Nichilisti e teocon non hanno senso. Religioso

Nel dibattito sulla laicità che vede ogni giorno nuovi interpreti si rischia di non percepire la novità del termine ‘senso religioso’ usato dal Papa nel suo messaggio ai convegnisti di Norcia e alla base del percorso di don Giussani.
L’equivoco nasce sia dai nichilisti, che non accettano che l’uomo abbia una possibilità di conoscere la realtà, sia da coloro che continuano a proporre il diritto naturale e uno schieramento tradizionalista e conservatore al fronte opposto.
Il nichilismo si rifà ad un concetto di esperienza intesa come espressione di un soggettivismo sfrenato ove ogni uomo, diverso dall’altro, è ultimo tribunale e impossibilitato a percepire qualcosa di vero e valido per tutti.
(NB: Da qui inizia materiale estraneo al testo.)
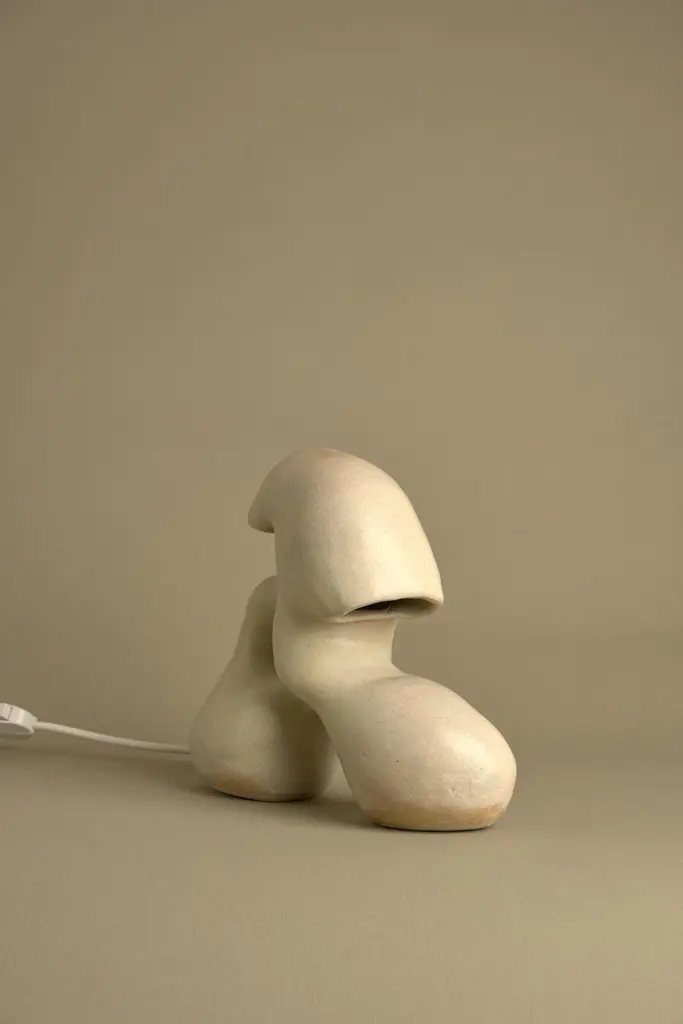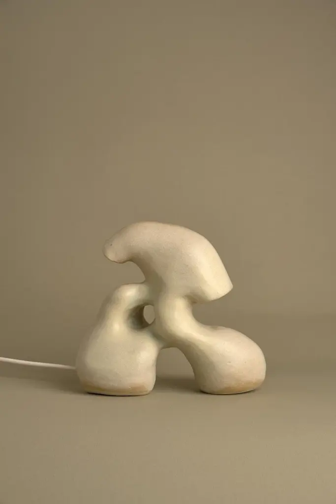 Lamparas stoneware lamp by Camila ApaezOne of a kindMaterials: StonewareDimensions: H23.5x W26.04 x D10.16 cmAll our lamps can be wired according to each country. If sold to the USA it will be wired for the USA for instance.This year has been shaped by the topographies of our homes and the uncertainty of our time. We have found solace in the humbleness of silence and warmth in the light that glared through our windows. We walked through the night, stumbled upon our sleeplessness and were also mesmerized by all our unanswered questions and in conformities.From the intimacy of our bedrooms and living rooms, from the privacy of our own anxieties and fears, we have been transformed. Let the essence of the pause, parenthesis and silence that rose among turmoil, permeate our innermost places forever on.In memory of the times that have not yet ended, but with our sight posed on the space that is yet to open wide, we share with you our last impulse to create new landscapes for our home.Ila Ceramica emerged from a process of inner inquiry where ceramics became a space for presence, silence, touch and patience. Camila discovered the shapes that inhabit her in an organic and intuitive manner, leading her to continuous research and development of Material, processes, and also herself. What began as a silent personal journey, has turned into a place where poetry, nature and corporeal silhouettes meet as constant themes in Ila´s creative process. The conversations between the pottery wheel and manual construction derive into utilitarian and sculptural pieces, hosted in two main lines of work: “Centrifuga”: functional ware for everyday life, and “Manual”: sculptural pieces that, while still functional, highlight their presence and their own dialogue with space, a constant theme for reflection in ILA. Ila Ceramica is a small studio with 100% handcrafted creative processes; glaze and clay research is slow and thorough, and no casts are used. Although pieces can be made Based Upon previous designs, each piece has its own personality.
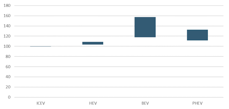He asignado el valor de 100 a los vehículos de combustión interna (ICEV) que emplean combustibles fósiles y se muestra la comparación frente a otras tecnologías: híbridas (HEV), eléctrica (BEV) e híbridas enchufables (PHEV). Para cada tecnología, los valores se representan en forma de barra, recogiendo todo el rango de valores de los resultados obtenidos de las distintas fuentes bibliográficas.
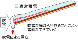 ただ、風により付着した雪は摩擦の抵抗がないため落雪する恐れがあります。
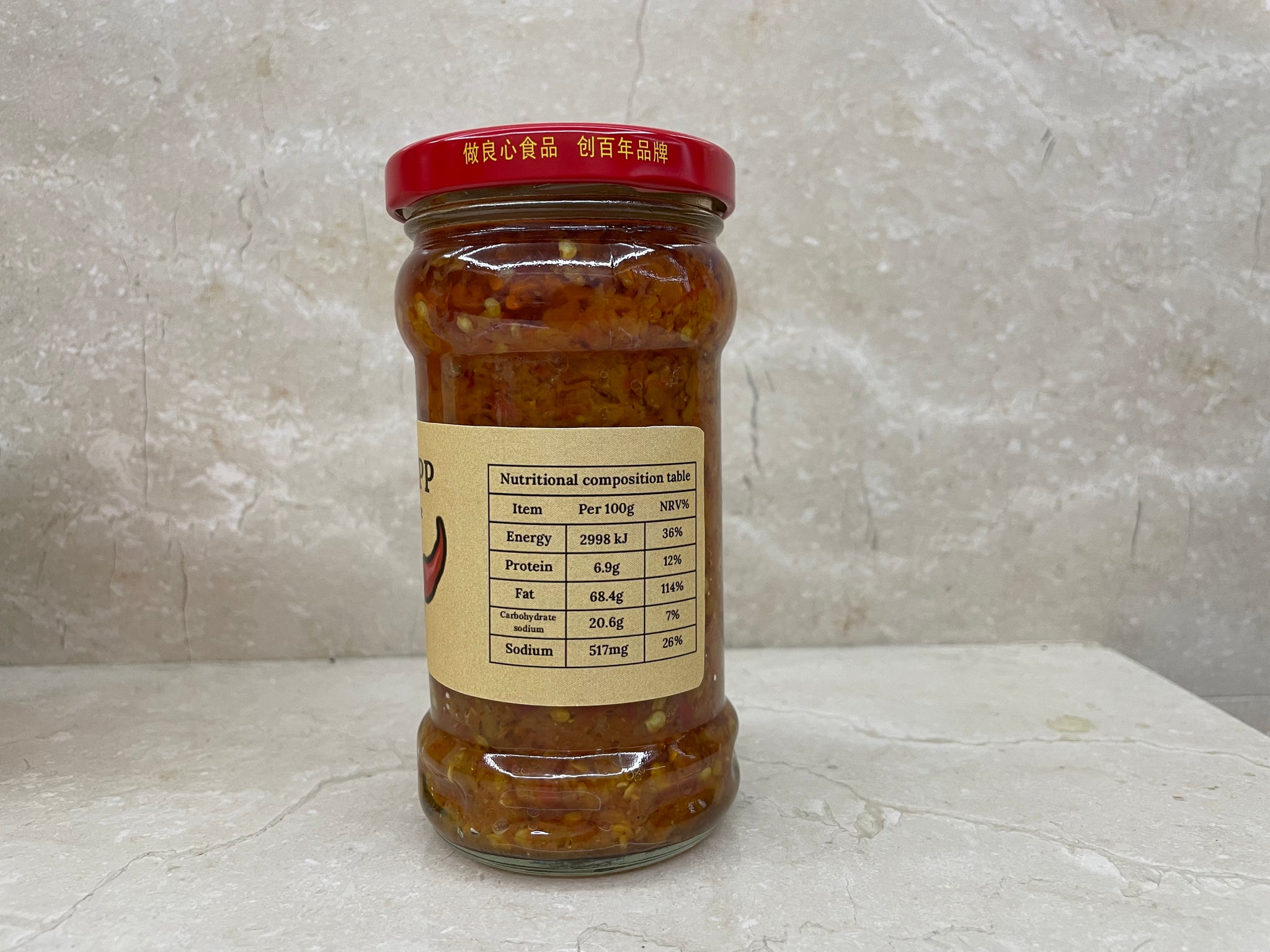Ingredient list: edible vegetable oil, chili pepper, garlic. Beef, bean drum, salt, sodium glutamate

L’esperienza di cui parla Giussani nel primo capitolo de Il Senso religioso è invece una forma di conoscenza che sottrae l’uomo al relativismo, proprio in virtù del senso religioso, quel complesso di evidenze ed esigenze originarie che costituiscono il cuore dell’uomo.
Queste esigenze permettono all’uomo di ogni tempo di riconoscere nella realtà ciò che è vero, bello, giusto e corrisponde alle attese più profonde del suo animo. La dinamica della conoscenza permette ad ogni uomo di orientarsi nella realtà verso la direzione che corrisponde a ciò che lui aspetta profondamente. Anche il peccato, anche l’errore non smentisce questa dinamica perché si percepisce nel cuore come un venir meno, un’assenza, una ricerca di morte (come dice il Libro della Sapienza). Solo un pervicace tentativo di negare l’evidenza di un bene che corrisponde al cuore – l’ideologia, soprattutto quella nichilista – rende l’uomo ottenebrato. Ma ogni ritorno a una purezza, a una semplicità, rifà percepire come la realtà sia fatta della stessa natura del suo cuore. Perciò la conoscenza è adeguatio rei et intellectus.
Se chi si rifà a nichilismo e relativismo si oppone al senso religioso, chi si limita a riproporre la vecchia teoria dei diritti naturali, riporta il dibattito a un passato superato e senza vera novità e vivacità intellettuale. Parlare di senso religioso significa affermare che i diritti naturali diventano coscienza e conoscenza nell’uomo, capacità per ciascuno di percepire la verità. Dimenticare questo vuol dire ridurre la verità dell’uomo a una definizione, filosofica ed antropologica, raggiungibile solo per pochi studiosi o opinionisti, ma incomprensibile all’io che vive ovunque. Significa contrapporre all’ideologia nichilista, l’ideologia di valori non percepibili se non attraverso una deduzione intellettuale. Significa sostituire allo stupore per il bello come metodo di conoscenza, leggi morali a cui esclusivamente rifarsi. E se anche cambiano le leggi morali, se si assumono leggi morali più vicine alla vera antropologia umana, quando l’etica non nasce da un’estetica, il prodotto non cambia. Ci si allontana e si disprezza la realtà fattuale, si ignorano gli avvenimenti, si snobbano gli uomini che si stupiscono della verità e si muovono per questo. Al fatto di milioni di uomini che compiono un gesto di carità come quello della Colletta Alimentare, si preferisce un bel talk-show in cui discutere tutta la sera dell’esigenza di pensare sulla povertà disincarnata. E così si diventa terribilmente noiosi.